Intrapartumbehandeling
percentages van foetale nietvertexpresentatie nemen toe naarmate de ernst van polyhydramnios toeneemt. Klinische of sonografische bepaling van de foetale presenteren deel moet worden uitgevoerd na presentatie tijdens de bevalling. Externe versie voor nonvertex foetale presentatie kan worden overwogen als er geen contra-indicaties voor deze procedure.
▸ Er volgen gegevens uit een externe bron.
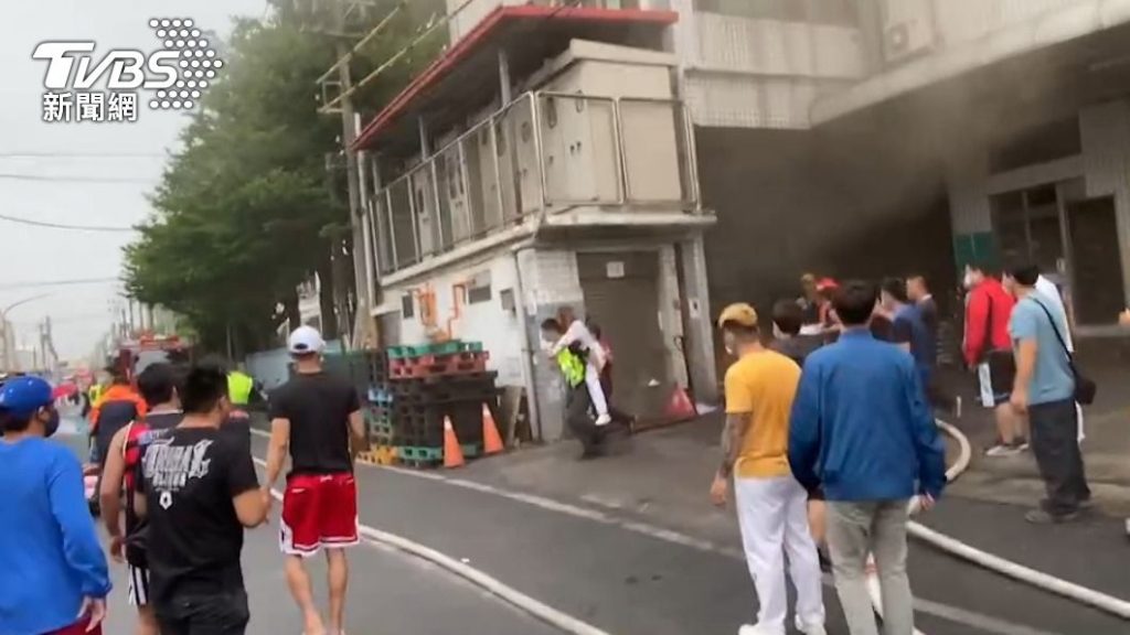 現場濃煙瀰漫,警消從火場背出員工。(圖/TVBS)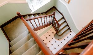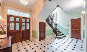 The property is approached by a large driveway with a carport that can hold six to eight cars. A glass double-door porch opens into a grand hallway with black-and-white tiled flooring, ornate coving, and practical understairs storage. To the right of the hallway lies a versatile ground floor sitting room, could be study - currently being used as a downstairs bedroom, complete with a bay window to the front. Next to this reception room is a stylish cloakroom with a heritage sink and wood-effect flooring.

percentages van disfunctionele arbeid zijn verhoogd in aanwezigheid van polyhydramnios., Studies hebben ook aangetoond dat vrouwen met zwangerschappen gecompliceerd door idiopathische polyhydramnios aanzienlijk meer kans om een keizersnede te ondergaan voor het falen om vooruitgang. De percentages van de keizersnede voor vrouwen met zwangerschappen gecompliceerd door idiopathische polyhydramnios variëren van 35% tot 55%. Een verhoogd risico op operatieve vaginale bevalling in aanwezigheid van polyhydramnios is ook gemeld. Sommige onderzoekers melden een hogere frequentie van niet-herstel van foetale hartslag tracings en postpartum bloeding.,
Planning voor de verzorging van de pasgeborene is noodzakelijk in gevallen van polyhydramnios. Zoals eerder opgemerkt, is er een verhoogde frequentie van structurele afwijkingen of genetische syndromen bij de pasgeborene na een zwangerschap gecompliceerd door polyhydramnios. Idiopathische polyhydramnios is ook geassocieerd met een verhoogd risico op opname op de intensive care afdeling bij pasgeborenen. Pediatrische ondersteuning dient beschikbaar te zijn bij de bevalling voor vrouwen met milde, idiopathische polyhydramnios; voor vrouwen met ernstige polyhydramnios wordt bevalling in een tertiair centrum aanbevolen.